Cheap arbitrary high order methods for single integrand SDEs

TL;DR

This paper demonstrates that applying deterministic Runge-Kutta methods to single integrand Stratonovich SDEs yields high-order convergence in mean-square and weak senses, leveraging the similarity of their B-series to ODE solutions.

Contribution

It establishes a novel approach for high-order numerical solutions of single integrand SDEs using deterministic Runge-Kutta methods, exploiting their B-series structure.

Findings

Methods converge with order loor(p_d/2) in mean-square and weak senses.

B-series of solutions are similar to ODE case due to single integrand structure.
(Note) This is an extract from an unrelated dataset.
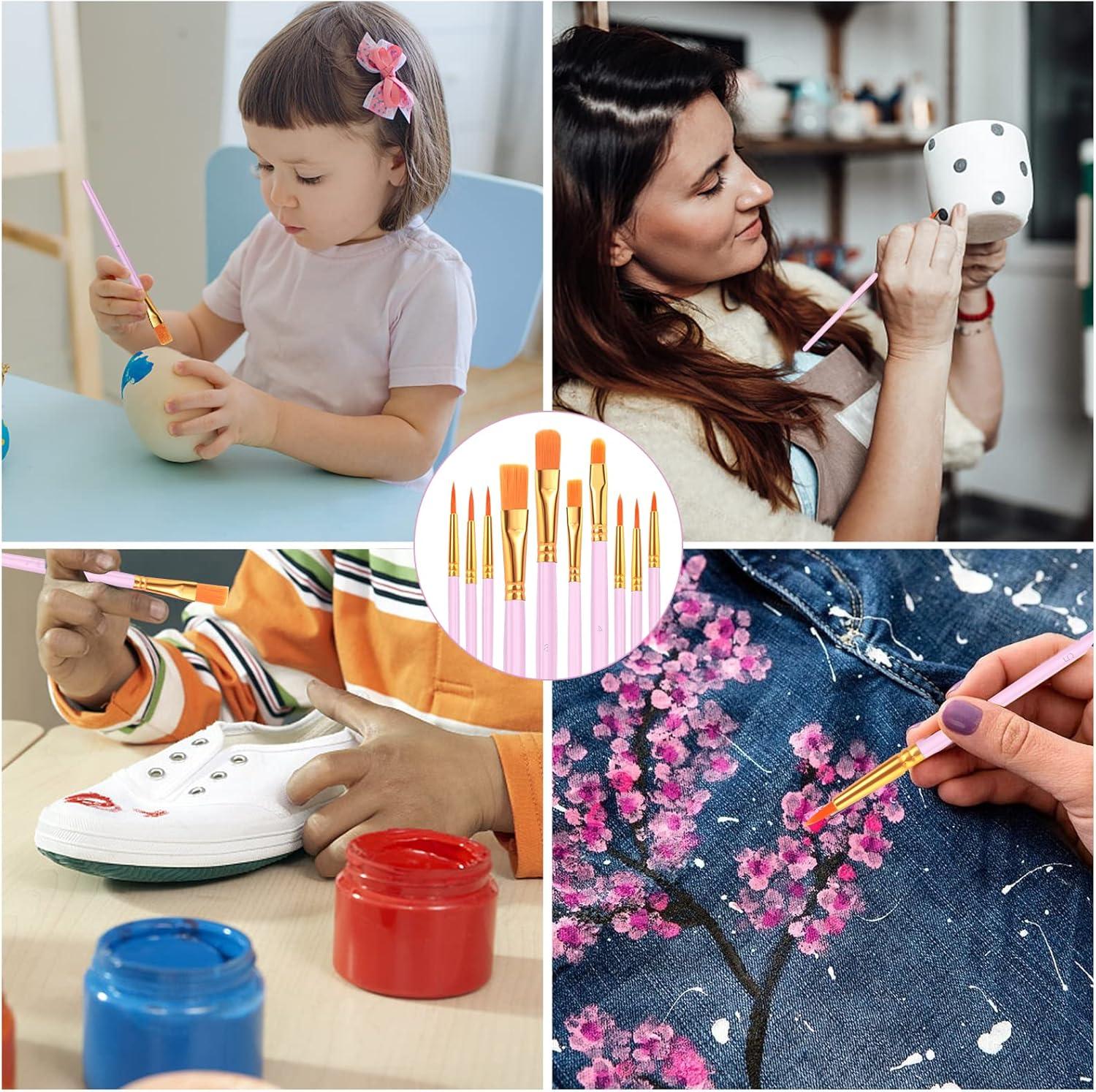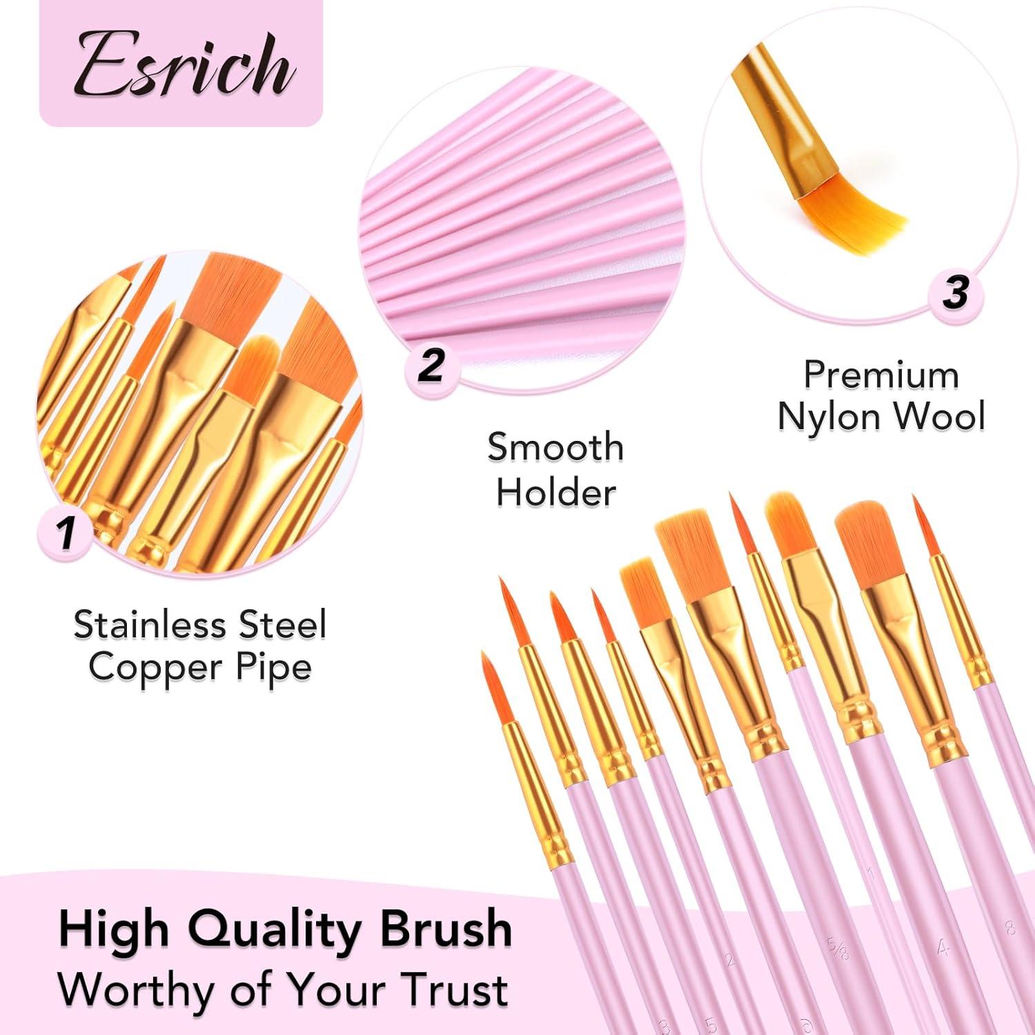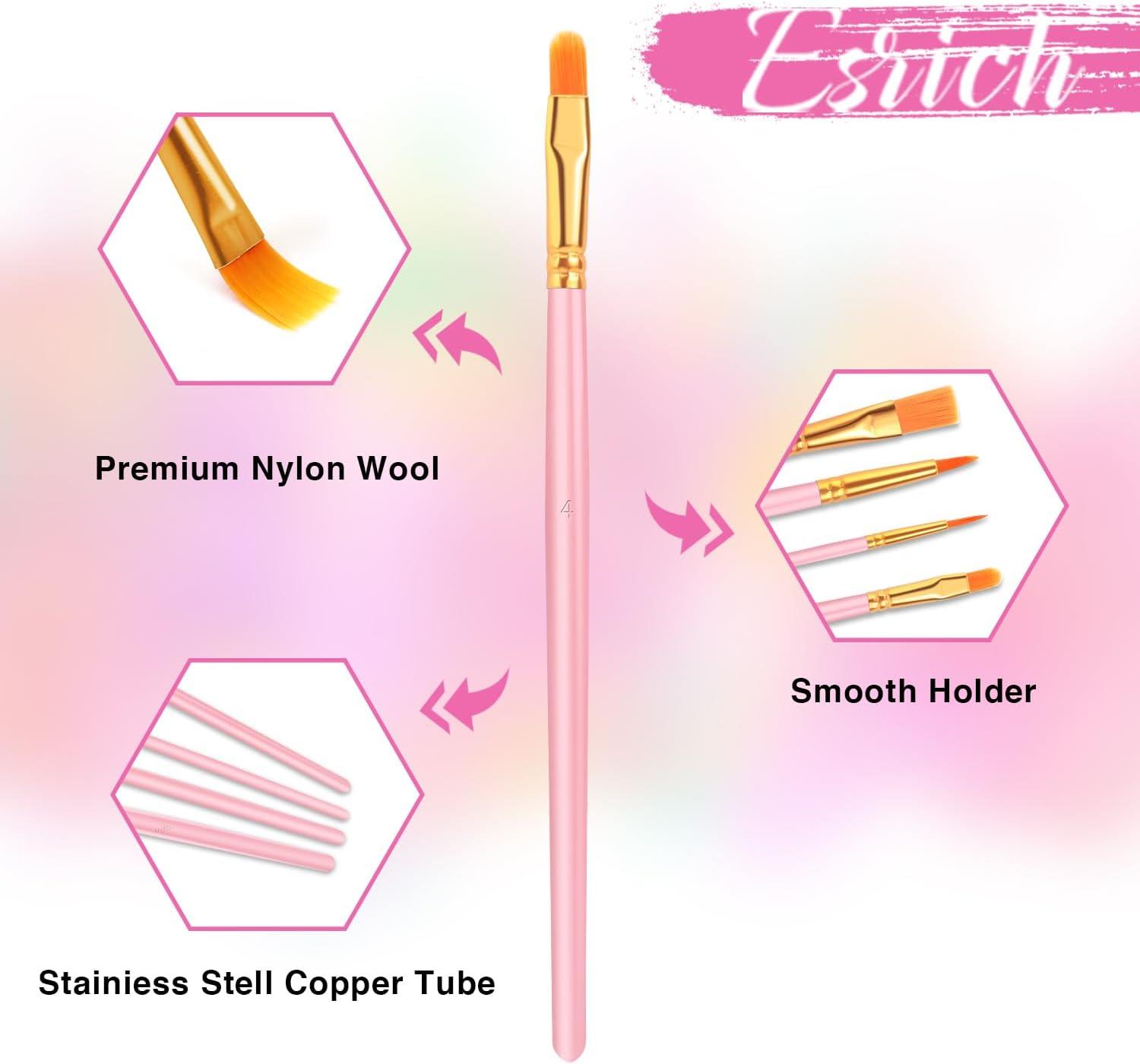 ESRICH Acrylic Paint Brushes Set,8Packs /80 Pcs Nylon Paintbrushes Head, Suitable for Acrylic Oil Watercolor Rock Body Face Nail Art Perfect Suit of Art Painting, Best Gift for Kids Adult Drawing(Pink)

Applicability to specific Stratonovich SDE problems with high efficiency.

Abstract

For a particular class of Stratonovich SDE problems, here denoted as single integrand SDEs, we prove that by applying a deterministic Runge-Kutta method of order $p_d$ we obtain methods converging in the mean-square and weak sense with order $\lfloor p_d/2\rfloor$. The reason is that the B-series of the exact solution and numerical approximation are, due to the single integrand and the usual rules of calculus holding for Stratonovich integration, similar to the ODE case. The only difference is that integration with respect to time is replaced by integration with respect to the measure induced by the single integrand SDE.